Tobii Pro employs its eye-trackers to find out what attracts attention in a car showroom
This is the first public data from a showroom study using Tobii’s glasses.
When potential buyers go into a car showroom, car brands have 20-second windows of attention to make the sale.
That’s one of the takeaways from an eye-tracking study — out this week — that was conducted by eye-tracking researcher Tobii Pro, Toyota Canada and conference provider Dx3 Canada. The study took place at a mock car showroom created at the Dx3 marketing conference this past March in Toronto, which included a Corolla, a RAV4, pretend salespeople and promotional displays.

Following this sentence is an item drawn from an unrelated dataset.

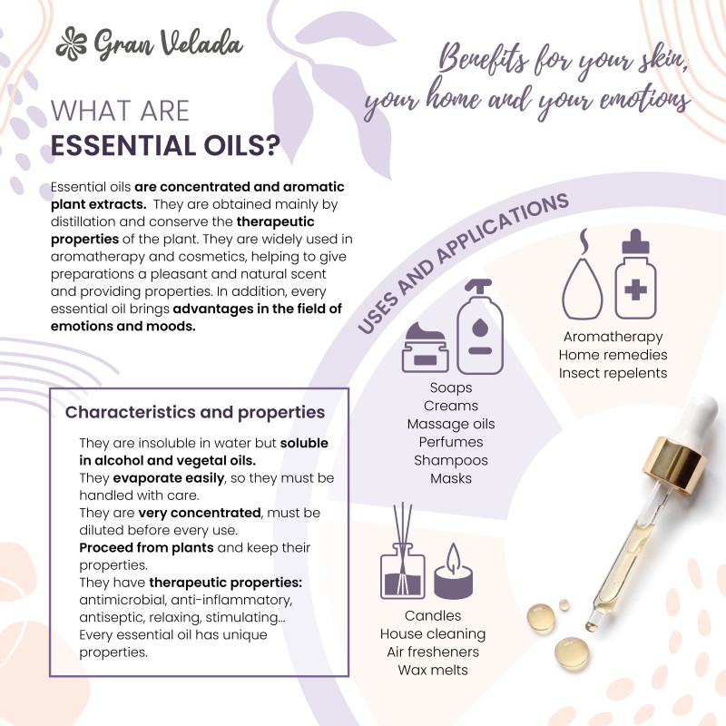 Espliego-Ätherisches Öl für kosmetische Zubereitungen besitzt antiseptische und entzündungshemmende Eigenschaften, die Hautprobleme wie Akne, Sonnenbrand, Dermatitis, Prellungen, Insektenstiche oder Rheuma lindern können. Es kann in Ölen, Cremes oder Wasser gelöst verwendet werden. Espliego-Ätherisches Öl sollte nicht direkt auf die Haut aufgetragen werden.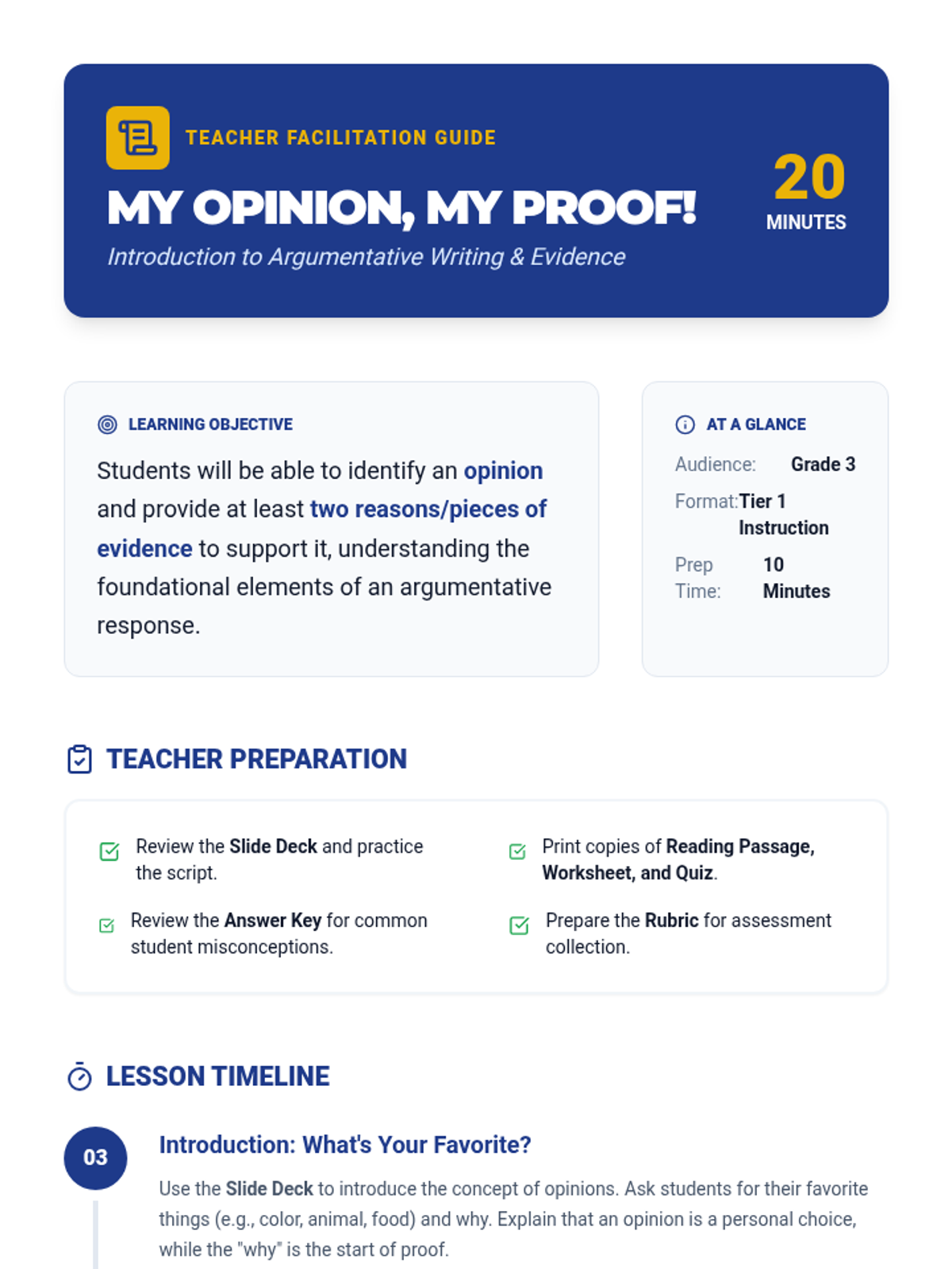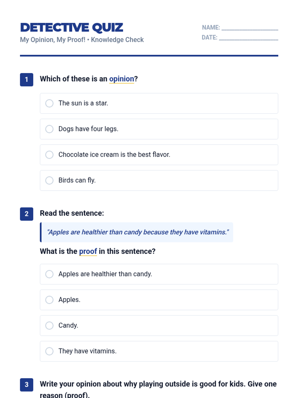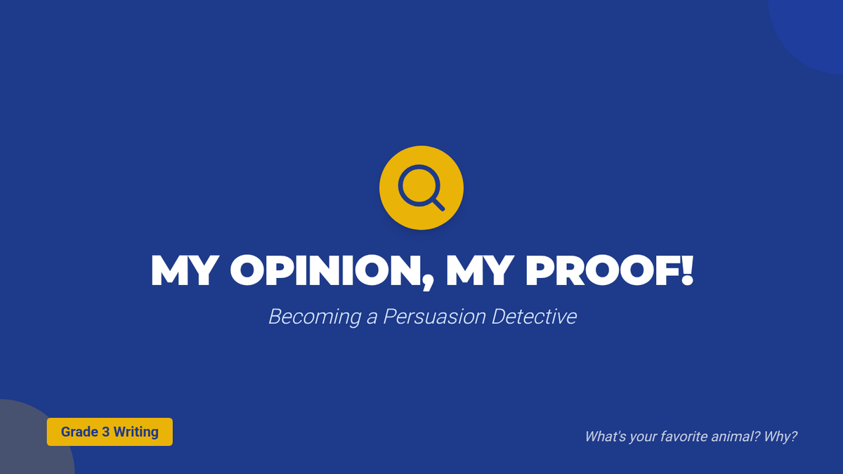 A 20-minute introductory lesson for 3rd graders on forming arguments by stating opinions and supporting them with evidence. Students practice identifying opinions and providing 'proof' through reading, worksheets, and a quiz.

Tobii Pro Insight Senior Research Director Mike Bartels told me this is “the first marketing showroom data that Tobii has made publicly available,” although his company has conducted other confidential showroom studies.
Ninety-two conference goers, wearing Tobii Pro Glasses 2 wearable eye-trackers, volunteered to explore the showroom as they might a regular showroom. The glasses recorded what the participants looked at and for how long.
In the “no-surprise” department, cars were the main attraction, with most of participants’ attention on consoles and their instrumentation, gear shifts and side windows (where dealers usually have their pricing and related info).
The participants were divided into only two groups: millennials and “older,” a demarcation that is rather sobering for anyone not in their 20s or 30s. Older shoppers spent more time looking at the cars, and millennials were more interested in the interactive displays. Both groups looked at marketing displays if they were directly in their walking path.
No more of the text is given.